### PROBLEM DETAILS
Could you repeat exactly the lines from the one containing "Ecco riportate, di" through the last line of the records, with no pictures?

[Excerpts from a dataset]
========================================
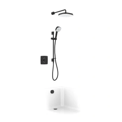 Mira Evoco Triple Outlet Thermostatic Mixer Shower (With HydroGlo) - Matt Black (1.1967.010). Mira Evoco Bath fill and Dual Outlet Shower with HydroGlo™ Technology - Enjoy style as clean and luxurious as your experience - featuring a fully-concealed shower mixer, indulgent double showerheads and a bath filler. With innovative Mira HydroGlo™ technology, illuminating at the perfect temperature. Ultra-sleek, fully-concealed - Create a refined, sophisticated look and feel. With minimalist controls and a choice of three premium finishes: Chrome, Matt Black and Brushed Nickel. Glo with the flow - Innovative Mira HydroGlo™ technology illuminates the controls when your perfect temperature is reached. Switched-on design, no electricity or batteries needed. Precise, push-button controls - The perfect shower, at your fingertips. Thanks to push-button activation and our super simple temperature dial. Powerful performance - Mira MagniFlo™ technology provides consistent power to both shower outlets at the same time. For invigorating performance, even at low pressures. Be spoilt for choice - Choose overhead for drenching refreshment. Handset for precision control. Both for spectacular indulgence. Or a luxurious bath for the ultimate relaxation. Two heads are better than one - Enhance your coverage and pleasure with the 110mm multi-mode handset. With rub-clean nozzles to make maintenance a breeze. Full coverage for total opulence - Mira Evoco’s 250mm deluge showerhead is carefully engineered to maximise flow and coverage. For a more luxurious showering experience. One box. Many options. - Everything you need for the perfect shower or bath-fill installation, all in one box. No need for separate purchases. Works on all systems, even at low pressure Choose your outlet - intuitive push button technology allows you to select the handset, overhead, bath filler or all three Mira Cool Shield™ to ensure valve doesn’t get hot during showering Mira Magni-flo™ technology delivers up to 3x more flow, even at low pressure Water entry points: Bottom only Hot left, cold right only Flow rate at 0.5 bar: 8.2 l/min (at Handset), 10.51 l/min (at Deluge), 8.98 l/min (at Bath filler) Automatic shutdown: Shutdown within 2 seconds Factory set to safe maximum temperature Adjustable maximum temperature for on-site conditions WRAS approved (Water Regulations Advisory Scheme) TMV2 approved product @ed9iicszg8s@ Genuine brand new Mira product, covered by a Mira manufacturer's guara...
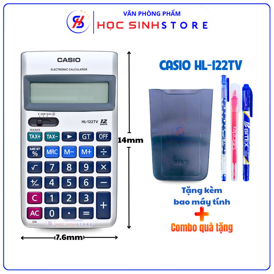 Máy tính Casio HL-122TV là dòng máy tính bỏ túi nhỏ gọn, thiết kế sang trọng với kích thước 14mm x 7.6mm, dễ dàng mang theo khi đi học, đi làm hay tính toán hằng ngày.
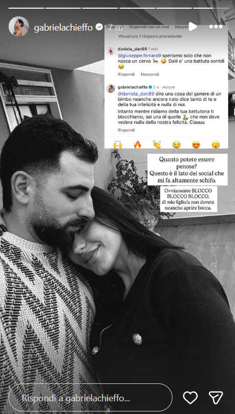 Ecco riportate, di seguito, le dichiarazioni di Gabriela Chieffo sul suo profilo Instagram ufficiale: “Quanto potete essere penose? Questo è il lato dei social che mi fa altamente schifo. Ovviamente blocco, blocco, blocco. Di mio figlio/a non dovete neanche aprire bocca”.
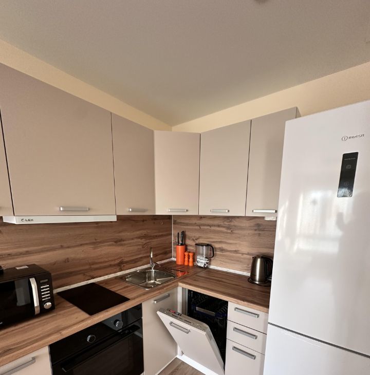 Кухня оборудована всей необходимой техникой: холодильник, плита, духовка, вытяжка, посудомоечная машина, микроволновка, чайник. Также есть посуда, фильтр для воды.
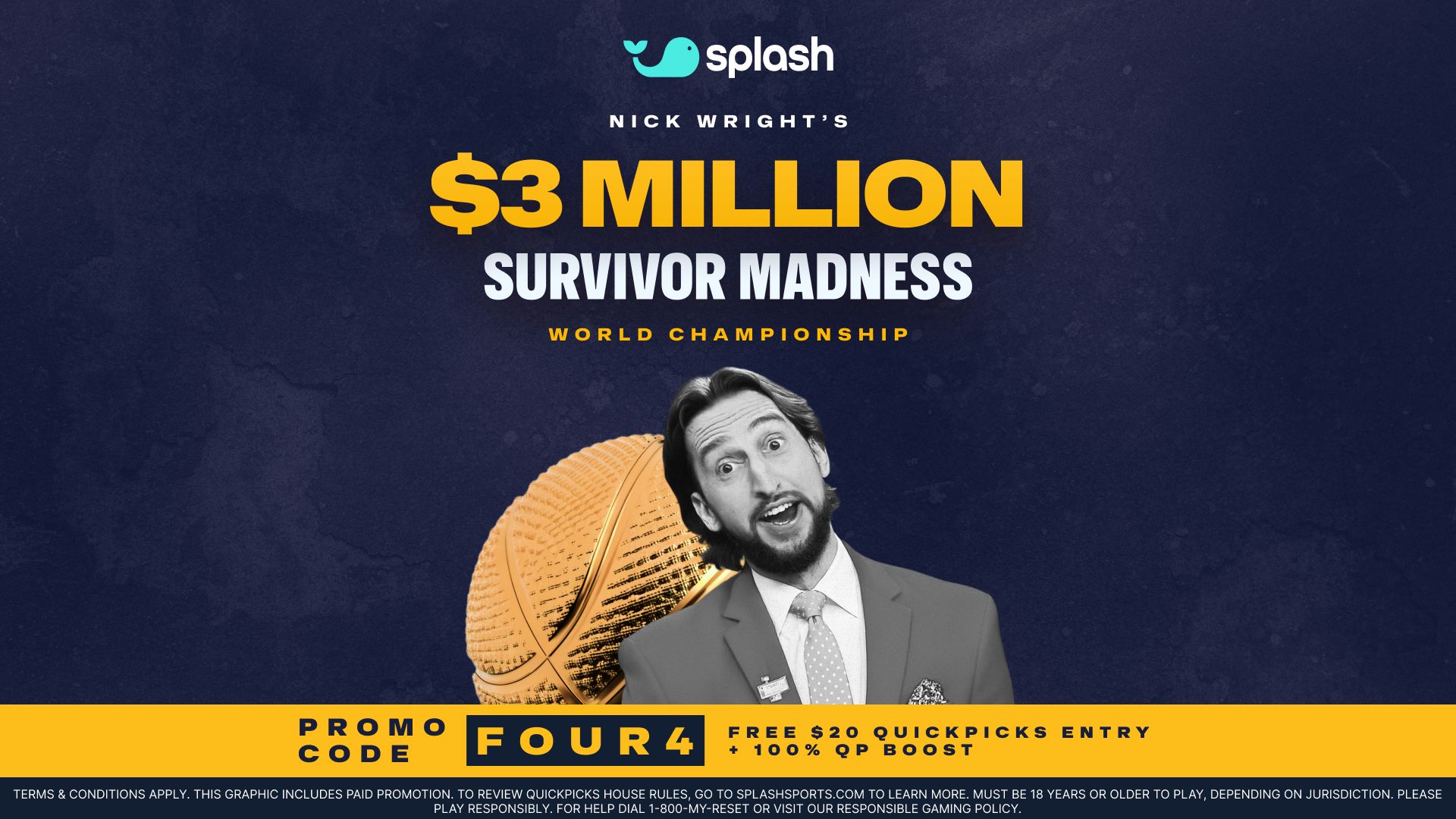We have partnered with Splash Sports to bring you Nick Wright’s $3M Survivor March Madness World Championship.
========================================
### PROBLEM SOLUTION
 Ecco riportate, di seguito, le dichiarazioni di Gabriela Chieffo sul suo profilo Instagram ufficiale: “Quanto potete essere penose? Questo è il lato dei social che mi fa altamente schifo. Ovviamente blocco, blocco, blocco. Di mio figlio/a non dovete neanche aprire bocca”.
 Кухня оборудована всей необходимой техникой: холодильник, плита, духовка, вытяжка, посудомоечная машина, микроволновка, чайник. Также есть посуда, фильтр для воды.
We have partnered with Splash Sports to bring you Nick Wright’s $3M Survivor March Madness World Championship.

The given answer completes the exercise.